- [Your task]:
Leave every picture out, then reproduce the rest of the listing exactly.

- [Available data]:

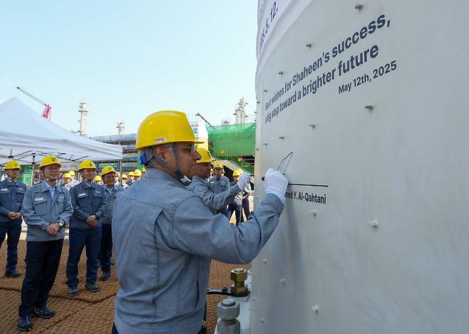 모하메드 알 카타니 아람코 다운스트림 사장이 지난 12일 에쓰오일 울산공장에서 추진하는 ‘샤힌 프로젝트’ 현장을 방문해 안전 시공과 성공을 기원하며 설비에 서명하고 있다. 샤힌 프로젝트는 9조2000억원을 들여 ‘스팀 크래커(기초유분 생산설비)’ 등 석유화학 생산설비를 구축하는 사업으로, 아람코의 한국 투자 가운데 사상 최대 규모다.
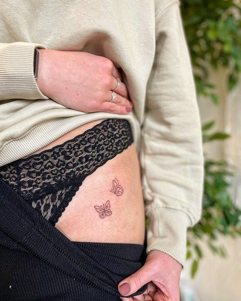 This delicate tattoo features two small butterflies drawn in fine black lines near the hip.
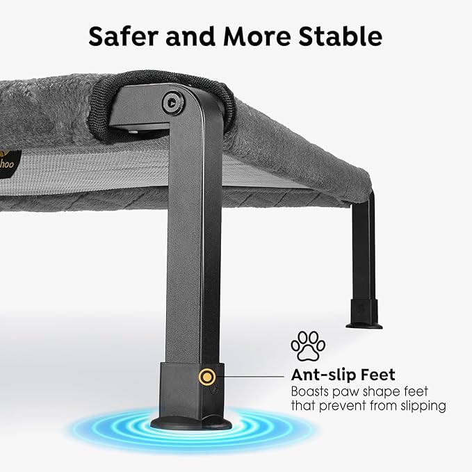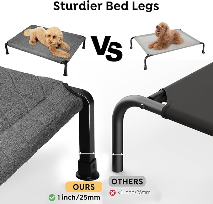 - Enhanced Durability: One Piece Tubing Sturdy Design resists bending, and the heavy-duty frame is thicker than other normal beds, ensuring lasting durability. With anti-slidding silicon feet, this elevated dog cot offers superior stability, making it a safe and reliable choice for even the most active pets.
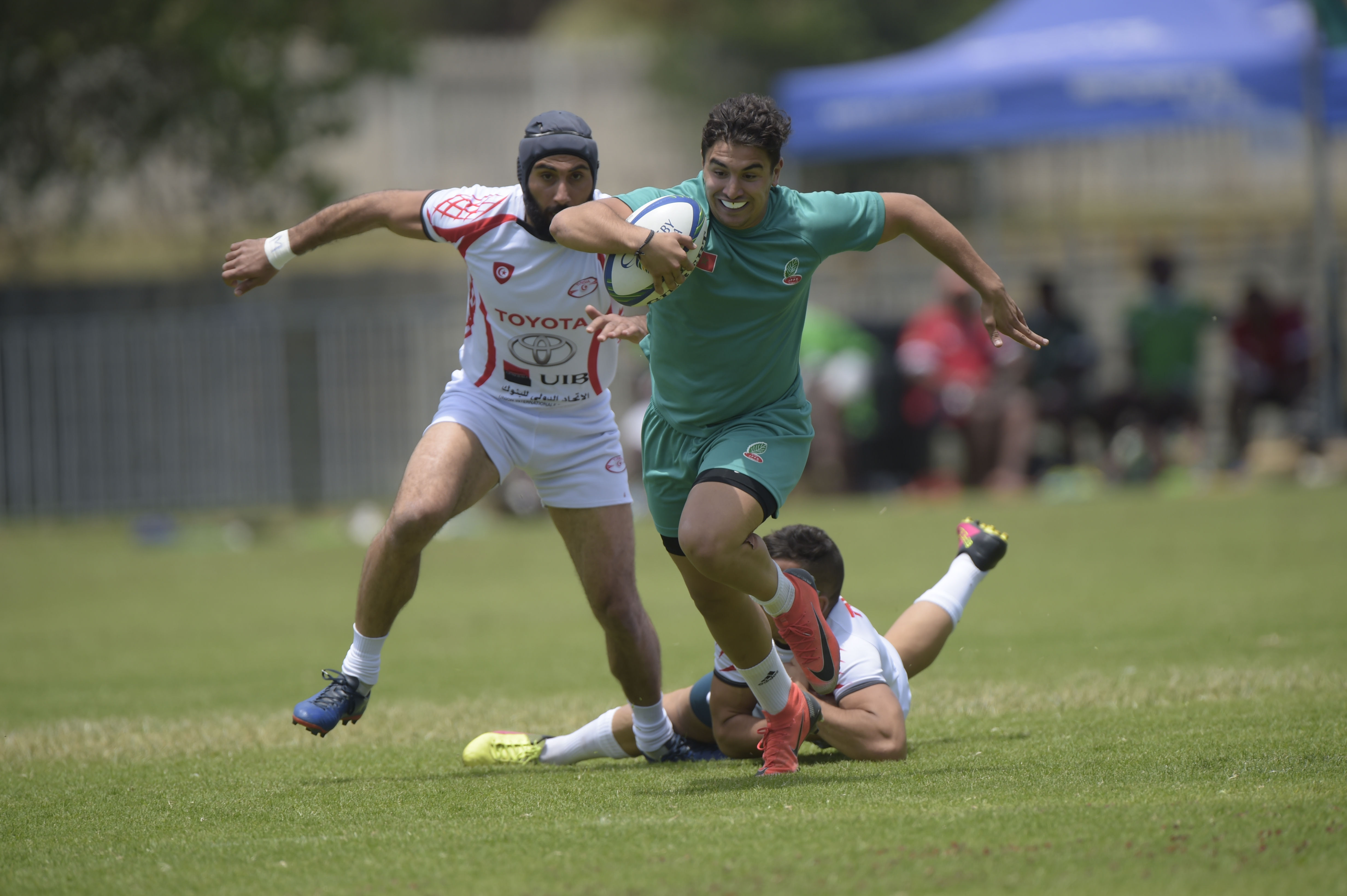 Achabar Adil of Morocco and Ailuif Dhif of Tunisia during Game 27 TUNISIA v MOROCCO at Rugby Africa Men's Sevens, qualifying to the Summer Olympics Games in Tokyo, Japan in 2020 at the Bosman Stadium, Brakpan, Johannesburg, South Africa on 09 November 2019 (Source: Rugby Africa | 6 years ago) |

- [Answer space]:
 모하메드 알 카타니 아람코 다운스트림 사장이 지난 12일 에쓰오일 울산공장에서 추진하는 ‘샤힌 프로젝트’ 현장을 방문해 안전 시공과 성공을 기원하며 설비에 서명하고 있다. 샤힌 프로젝트는 9조2000억원을 들여 ‘스팀 크래커(기초유분 생산설비)’ 등 석유화학 생산설비를 구축하는 사업으로, 아람코의 한국 투자 가운데 사상 최대 규모다.
 This delicate tattoo features two small butterflies drawn in fine black lines near the hip.
 - Enhanced Durability: One Piece Tubing Sturdy Design resists bending, and the heavy-duty frame is thicker than other normal beds, ensuring lasting durability. With anti-slidding silicon feet, this elevated dog cot offers superior stability, making it a safe and reliable choice for even the most active pets.
 Achabar Adil of Morocco and Ailuif Dhif of Tunisia during Game 27 TUNISIA v MOROCCO at Rugby Africa Men's Sevens, qualifying to the Summer Olympics Games in Tokyo, Japan in 2020 at the Bosman Stadium, Brakpan, Johannesburg, South Africa on 09 November 2019 (Source: Rugby Africa | 6 years ago) |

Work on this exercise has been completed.